CN211146974U - Heat exchanger of evaporator - Google Patents

Abstract

The utility model provides a heat exchanger of evaporimeter, include: the first shell is internally provided with a first cavity; a plurality of heat exchange assemblies, heat exchange assembly establishes in the cavity, and every heat exchange assembly includes respectively: a second housing defining a second cavity therein; a plurality of radiating pipes arranged in the second cavity, wherein one end of each radiating pipe is formed as an inlet, and the other end of each radiating pipe is formed as an outlet; and each sleeve is respectively arranged in the second cavity in a pivoting manner along the axial direction of the radiating pipe and sleeved on the radiating pipe, and the outer wall surface of each sleeve is respectively provided with a plurality of groups of blades. According to the utility model discloses heat exchanger of evaporimeter through set up a plurality of heat exchange assemblies in first casing, sets up a plurality of cooling tubes in the second casing simultaneously, at the cooling tube peripheral hardware sleeve pipe, and heat exchanger of this evaporimeter is simple structure not only, can make the heat transfer to the cold fluid from the hot-fluid moreover, and the heat exchange is effectual.

Description

Heat exchanger of evaporator

Technical Field

The utility model relates to an evaporimeter technical field especially relates to a heat exchanger of evaporimeter.

Background

The evaporator is an important part in four major refrigeration parts, and low-temperature condensed liquid passes through the evaporator to exchange heat with external air, gasifies and absorbs heat, and achieves the refrigeration effect.
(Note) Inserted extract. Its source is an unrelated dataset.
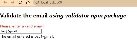 import React, { useState } from "react"; import validator from "validator"; const App = () => { const [email, setEmail] = useState("bac@gmail.com"); const [message, setMessage] = useState(" "); function handleEmail(event) { let new_Email = event.target.value; setEmail(new_Email); if (!validator.isEmail(new_Email)) { setMessage("Please, enter a valid email!"); } else { setMessage(""); } } return ( <div> <h2> {" "} Validate the email <i> using validator npm package </i> </h2> <div style = {{ color: "red" }}> {message} </div> <input type = "email" value = {email} onChange = {handleEmail} /> <div> The email entered is {email} </div> </div> ); }; export default App;

The condensate passing through the evaporator is generally vaporized to a higher temperature gas, which is not readily recycled.

SUMMERY OF THE UTILITY MODEL

In view of this, the utility model provides a heat exchanger of evaporimeter, this heat exchanger of evaporimeter simple structure, the heat exchange is effectual.

The heat exchanger of the evaporator according to the embodiment of the first aspect of the present invention includes: a first housing defining a first cavity therein; a plurality of heat exchange assemblies, the heat exchange assemblies are established in the cavity, every heat exchange assembly includes respectively: a second housing defining a second cavity therein; a plurality of heat dissipation pipes, the heat dissipation pipes being disposed in the second chamber, one ends of the heat dissipation pipes being formed as inlets, and the other ends thereof being formed as outlets; a plurality of sleeve pipes, every the sleeve pipe is followed respectively the axial pivot ground of cooling tube is established but the cover is established in the second cavity on the cooling tube, every sheathed tube outer wall surface is equipped with the multiunit blade respectively.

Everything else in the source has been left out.